During the winter months—on crowded trains, in coffee, shops, anywhere that people gather—you'll hear people sniffling. Of course, people sniffle everywhere in the world, it's a normal human response to a common human circumstance of having a runny nose. But, the sniffling doesn't stop. Some people in Japan will continue to sniffle for more than an hour. Why do they not just blow their nose once and be done with it? Isn't everyone around those sniffling people annoyed? Isn't the person doing the sniffling themselves tired of it?

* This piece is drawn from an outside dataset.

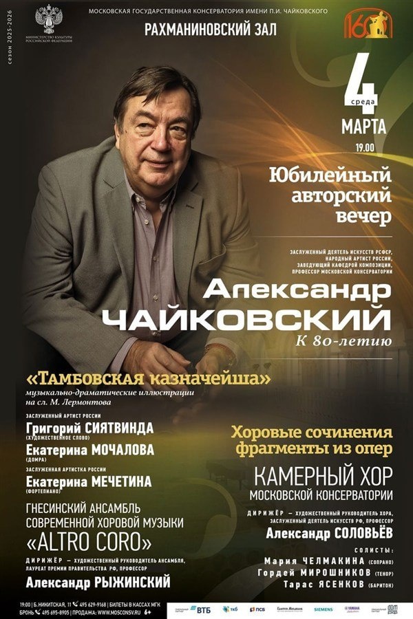 В честь 80-летия заведующего кафедрой композиции МГК, народного артиста России Александра Чайковского выступят лучшие музыкальные силы России. https://www.classicalmusicnews.ru/anons/v-rahmaninovskom-zale-moskovskoj-konservatorii-otmetyat-yubilej-aleksandra-chajkovskogo/?utm_source=cmn_own&utm_medium=telegram 🎼 ClassicalMusicNews.Ru | Telegram | ВК | МАКС

It's not just sniffling that might catch your attention. Every now and again, you'll hear the piercing squeal of worn breaks scraping against the metal wheel of someone on a bicycle slowing themselves down. This happening all the way down a gentle slope, where every second of a sound not too dissimilar from nails on a chalkboard is one second too many.
A Big Noise
And what about the guys in trucks that slowly make their way through your neighborhood, blaring a repetitive call for you to sell them your old televisions, bicycles or household furniture. They'll take anything, they say, over and over again at concert-level decibels. Why is it okay for them to be screaming their services to an entire neighborhood? Surely if English teachers went around with a megaphone yelling that they offer conversation classes, they'd be stopped by the police.

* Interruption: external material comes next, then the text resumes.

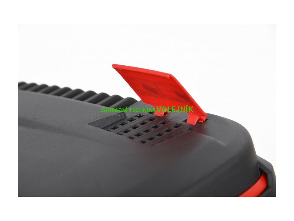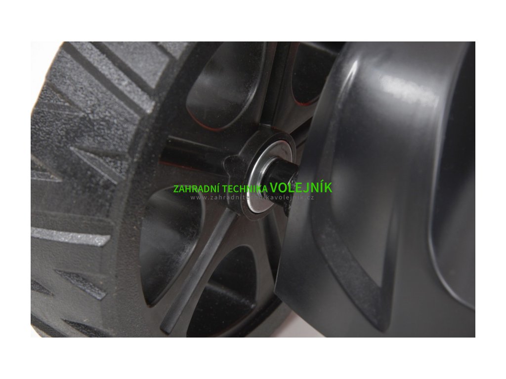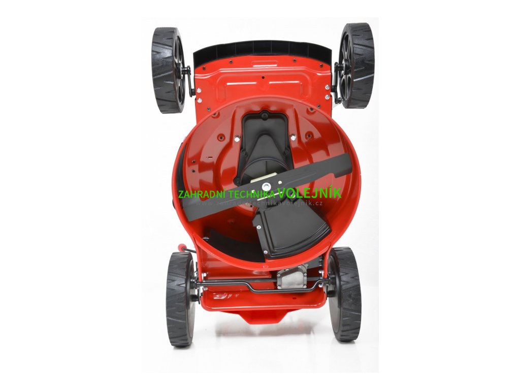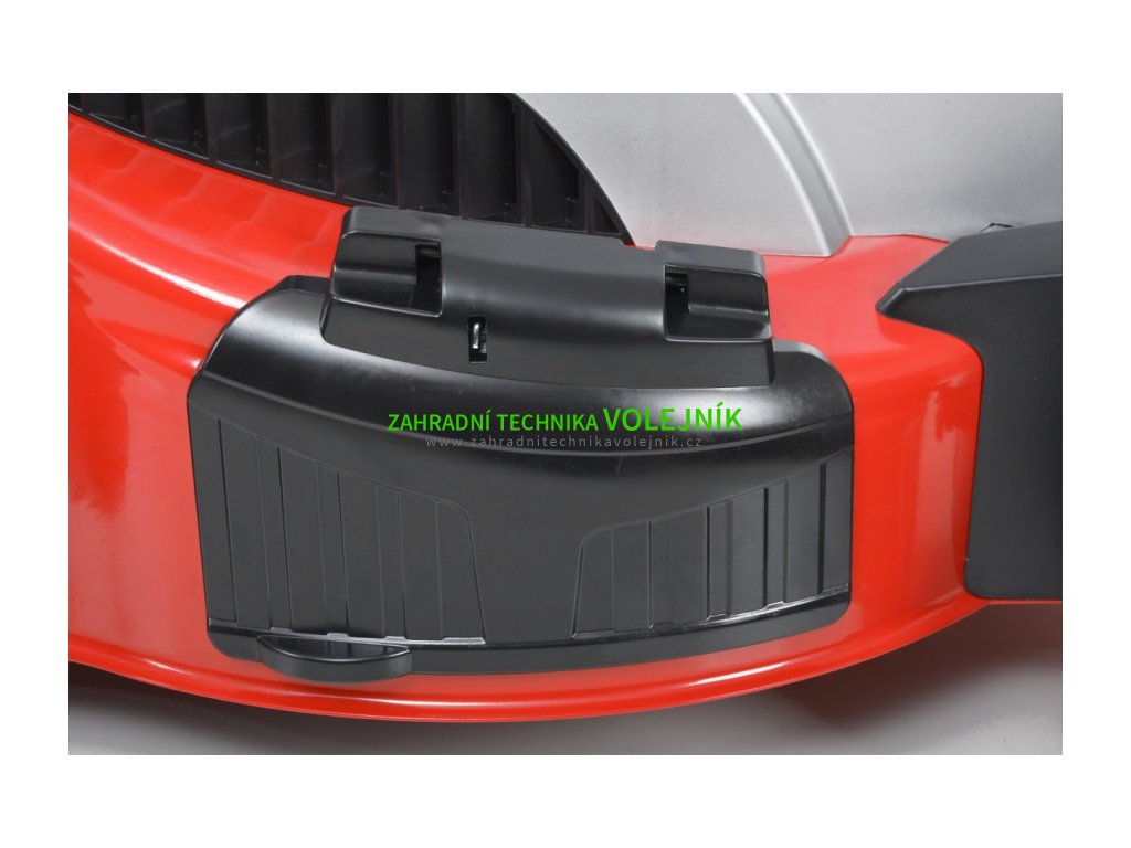 Základem sekačky je poctivé kovové šasi, které má nejen dostatečnou tuhost, ale obsluze zajistí i dostatečnou ochranu od případných předmětů odhozených náhodně nožem sekačky. Výkonný elektromotor se stará nejen o pohon nože, ale v případě této sekačky i pohon zadních kol pro pojezd. Díky této konstrukci je doporučená udržovaná plocha až 1200 m2. Rychlost pojezdu je 3,6 km/h a při pracovním záběru 460 mm jde práce opravdu od ruky. Nastavení výšky sekání se provádí centrálně jedinou pákou od 30 do 75 mm.

Or maybe not. Trucks going through busy areas like Shibuya or Shinjuku blast songs from the latest boy band. You'll always know when there's an election going on because of the politicians driving around yelling nothing more than their name.
And it's hard to get mad at the singing yaki imo (baked sweet potato) salesman, because yaki imo on a cold night can be nice, but still...

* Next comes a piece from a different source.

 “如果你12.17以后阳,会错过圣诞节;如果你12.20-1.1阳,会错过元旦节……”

What's with all the noise?
It doesn't take long living in Japan, or at least Tokyo, to come to understand that the Japanese have a different relationship to noise. Sounds that seem to be clearly undesirable, like having someone making wet, snorting sounds beside you on a train for your whole commute, don't provoke any (visible) ire among the locals. Sounds that are questionable—like someone screaming at you from the street that they will take an old radio cassette player off your hands when you're relaxing on a Saturday morning—don't even get questioned.
Asking Japanese people about it, it's hard to get any sense of why they seem extra tolerant. It's like asking a fish about the water they live in. Every country has its own sense of a baseline for ambient noise, and the sounds we live with, having been there all our lives, just seem normal.
This is the most fundamental form of cultural difference: when it's not the answers that differ, but the questions. There is no "why" when examining the noises that seem clearly annoying to a lot of foreigners. There is only a choice to put up with it like the locals do.